> **Work instructions**
Find the line below with "Mountain lake in" and the line with "リニューアルを記念して、同レ". Output them and the lines between, exactly, but not the pictures.

> **Extracted information**
^^^^^^^^^^^^^^^^

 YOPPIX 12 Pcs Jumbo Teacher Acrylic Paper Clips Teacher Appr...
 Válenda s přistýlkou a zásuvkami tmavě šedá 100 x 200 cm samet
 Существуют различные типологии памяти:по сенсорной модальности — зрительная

^^^^^^^^^^^^^^^^

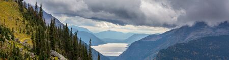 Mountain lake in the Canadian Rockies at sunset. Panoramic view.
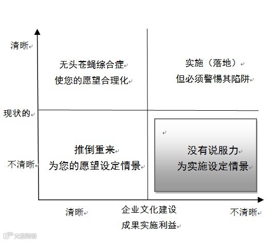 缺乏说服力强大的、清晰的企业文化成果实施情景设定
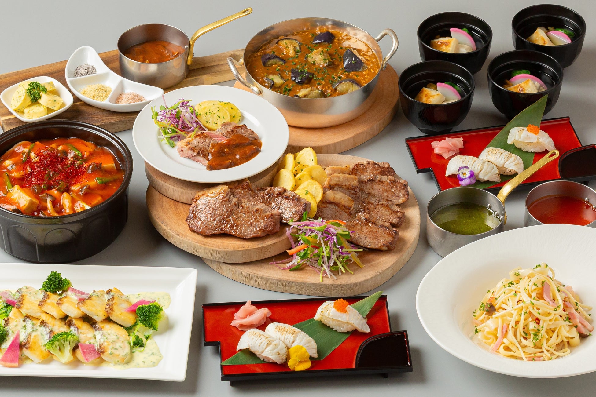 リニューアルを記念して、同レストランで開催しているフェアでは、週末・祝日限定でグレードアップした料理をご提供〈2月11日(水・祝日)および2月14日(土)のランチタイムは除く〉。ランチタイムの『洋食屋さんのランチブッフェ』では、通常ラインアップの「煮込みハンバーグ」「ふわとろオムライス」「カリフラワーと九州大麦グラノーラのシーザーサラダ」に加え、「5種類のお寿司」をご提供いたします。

^^^^^^^^^^^^^^^^

> **Solved problem**
 Mountain lake in the Canadian Rockies at sunset. Panoramic view.
 缺乏说服力强大的、清晰的企业文化成果实施情景设定
 リニューアルを記念して、同レストランで開催しているフェアでは、週末・祝日限定でグレードアップした料理をご提供〈2月11日(水・祝日)および2月14日(土)のランチタイムは除く〉。ランチタイムの『洋食屋さんのランチブッフェ』では、通常ラインアップの「煮込みハンバーグ」「ふわとろオムライス」「カリフラワーと九州大麦グラノーラのシーザーサラダ」に加え、「5種類のお寿司」をご提供いたします。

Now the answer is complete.